Sewaktu pewaris sudah meninggal, pewarisan dapat dilakukan pada malam
pertama maupun pada malam ketiga setelah pewaris dikebumikan,
pembagian ini dilaksanakan dengan musyawarah dan penuh rasa
kekeluargaan serta menjunjung tinggi hak para ahli waris. Pembagian
Pewarisan pada Masyarakat Adat Dayak Kanayant tidak membedakan
kedudukan antara laki-laki dan perempuan, karena antara laki-laki dan
perempuan memiliki kedudukan yang sama dalam hal mewaris dan
mendapatkan harta warisan baik dari ayah maupun ibunya, kecuali
penunggu pangkalant, bagiannya lebih besar karena anak pangkalant
ditunjuk oleh pewaris untuk mengurus (merawat) orantuanya semasa
hidupnya sampai pewaris meninggal dunia. Anak penunggu pangkalant
adalah anak yang mendiami rumah pangkalant (rumah orangtuanya bisa
anak sulung,anak tengah atau pun anak bungsu,) bisa laki-laki atau pun
perempuan.
107
B. Saran
Berkaitan dengan permasalahan-permasalahan mengenai perkawinan
dan pewarisan pada masyarakat Adat Dayak Kanayant Kecamatan Kuala Behe
kabupaten Landak Kalimantan Barat, ada beberapa saran :
1. Perkawinan pada Masyarakat Adat Dayak Kanayant masih melakukan
Perkawinan secara Adat istiadat, tetapi ada juga yang melakukan di Gereja
(Agama Kristen). Perlu diadakan Penyuluhan Hukum dan pembinaan dari
pemerintah dalam masalah Pernikahan agar Perkawinan dapat dianggap
sah sesuai dengan ketentuan Pasal 2 Undang-undang Nomor 1 Tahun 1974
tentang Perkawinan yang menentukan syarat sahnya Perkawinan. dan
penyuluhan tentang pentingnya pencatatan perkawinan dicatatan sipil agar
status anak bisa menjadi anak yang sah secara Hukum.
2. Pewarisan harta Peninggalan pada Masyarakat Adat Kanayant sampai saat
ini masih dilakukan menurut Hukum Adat.
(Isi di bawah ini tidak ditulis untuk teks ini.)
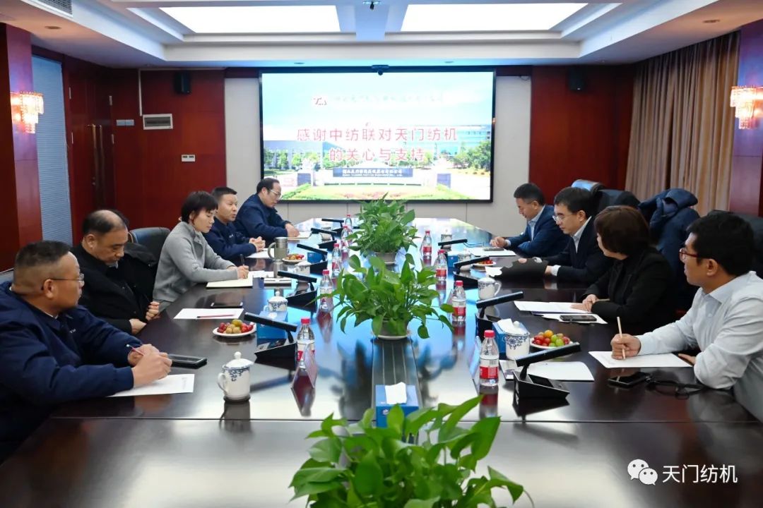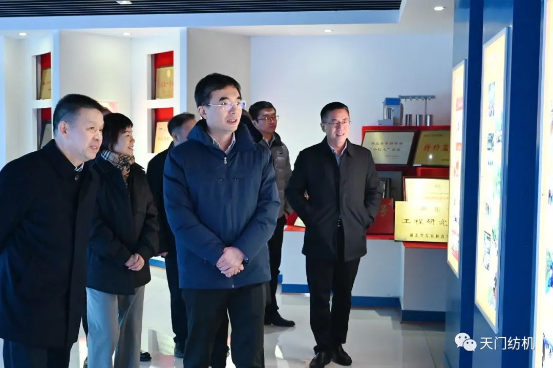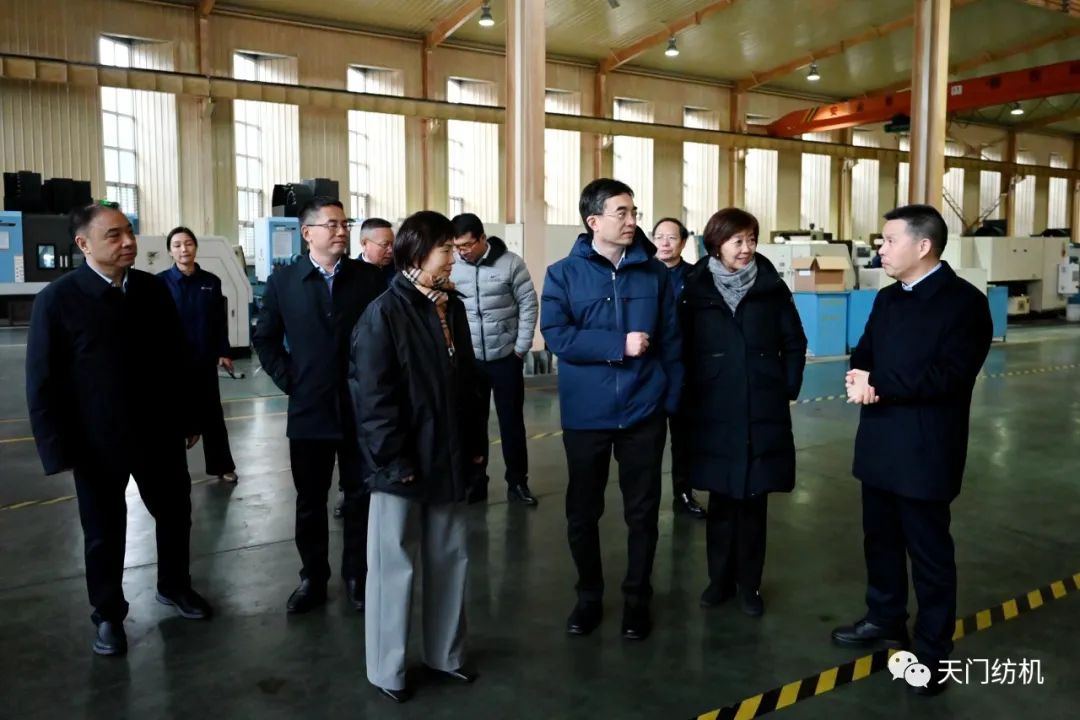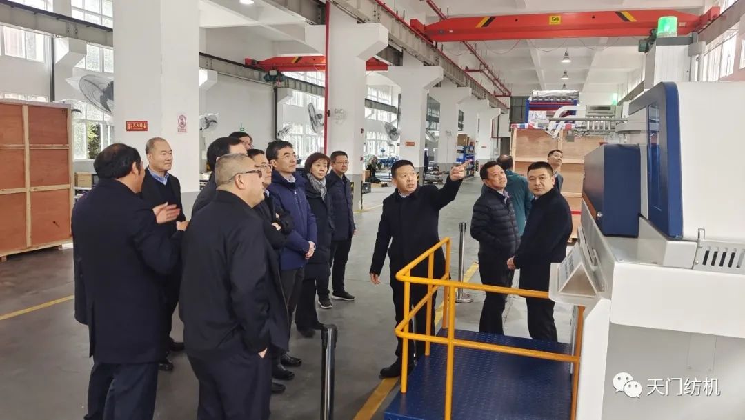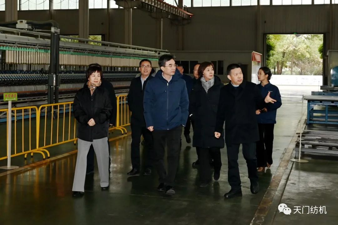 2023年12月11日,中國(guó)紡織工業(yè)聯(lián)合會(huì)副會(huì)長(zhǎng)端小平,中國(guó)紡織工業(yè)聯(lián)合會(huì)信息中心黨委書記、社會(huì)責(zé)任辦主任閻巖,中國(guó)棉紡織行業(yè)協(xié)會(huì)會(huì)長(zhǎng)董奎勇、副會(huì)長(zhǎng)景慎全等領(lǐng)導(dǎo)專程調(diào)研天門紡機(jī)位于武漢的研發(fā)中心及天門基地。

Oleh karena itu kepada
Pemerintah Daerah dapat membantu untuk melestarikan dan melakukan
pengawasan terhadap jalannya Pewarisan melalui Perangkat Pemerintah
yang ada. Hal ini lebih efektif bila dilakukan oleh Perangkat Pemerintah
kecamatan (camat), karena selain sebagai kepala kecamatan, camat juga
dapat bertindak sebagai PPAT sementara yang berkaitan erat dengan objek
PewarisanHarta Peninggalan berupa Rumah dan Tanah.